Fortunately (or unfortunately, from another point of view) this process plateaus after a few steps -- further iterations generate exactly the same compiler executable as the last.
We have all the GCC source code, but the only C compiler on this machine available is not GCC.
Alas, parts of GCC use "extensions" that can only be built with GCC.
Fortunately, this machine does have a functional "make" executable, and some random proprietary C compiler.
The human goes to the directory with the GCC source, and manually types "make".
The make utility finds the MAKEFILE, which directs it to run the (proprietary) C compiler to compile GCC, and use the "-D" option so that all the parts of GCC that use "extensions" are #ifdef'ed out. (Those bits of code may be necessary to compile some programs, but not the next stage of GCC.). This produces a very limited cut-down binary executable, that barely has enough functionality to compile GCC (and the people who write GCC code carefully avoid using functionality that this cut-down binary does not support).
The make utility runs that cut-down binary executable with the appropriate option so that all the parts of GCC are compiled in, resulting in a fully-functional (but relatively slow) binary executable.
The make utility runs the fully-functional binary executable on the GCC source code with all the optimization options turned on, resulting in the actual GCC executable that people will use from now on, and installs it in the appropriate location.
The make utility tests to make sure everything is working OK: it runs the GCC executable from the standard location on the GCC source code with all the optimization options turned on.
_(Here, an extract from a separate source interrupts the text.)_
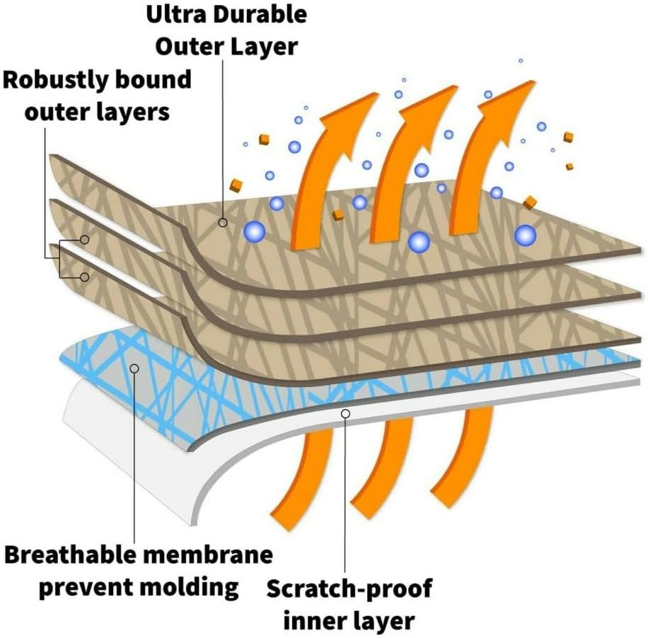 - 5-LAYER BONDED CONSTRUCTION Featuring a robust five-layer structure, the mid-layer includes double-cushioned padding for added protection. The outer layer is one-way breathable, waterproof, and features a scratch-resistant inner lining made from soft, non-fleece fibers to preserve your vehicle's finish.

It then compares the resulting binary executable with the GCC executable in the standard location, and confirms that they are identical (with the possible exception of irrelevant timestamps).
After the human types "make", the whole process runs automatically, each stage generating an improved compiler (until it plateaus and generates an identical compiler).
http://gcc.gnu.org/wiki/Top-Level_Bootstrap and http://gcc.gnu.org/install/build.html and Compile GCC with Code Sourcery have a few more details.
I've seen other compilers that have many more stages in this process -- but they all require some human input after each stage or two. Example: "Bootstrapping a simple compiler from nothing" by Edmund Grimley Evans 2001
http://homepage.ntlworld.com/edmund.grimley-evans/bcompiler.html
And there is all the historical work done by the programmers who have worked on GCC, who use previous versions of GCC to compile and test their speculative ideas on possibly improved versions of GCC. While I wouldn't say this is without any human input, the trend seems to be that compilers do more and more "work" per human keystroke.
I'm not sure if it qualifies, but the Java HotSpot compiler improves code at runtime using statistics.
But at compile time? How will that compiler know what's deficient and what's not? What's the measure of goodness?
There are plenty of examples of people using genetic techniques to pit algorithms against each other to come up with "better" solutions. But these are usually well-understood problems that have a metric.
So what metrics could we apply at compile time? Minimum size of compiled code, cyclometric complexity, or something else? Which of these is meaningful at runtime?
Well, there is JIT (just in time) techniques. One could argue that a compiler with some JIT optimizations might re-adjust itself to be more efficient with the program it is compiling ???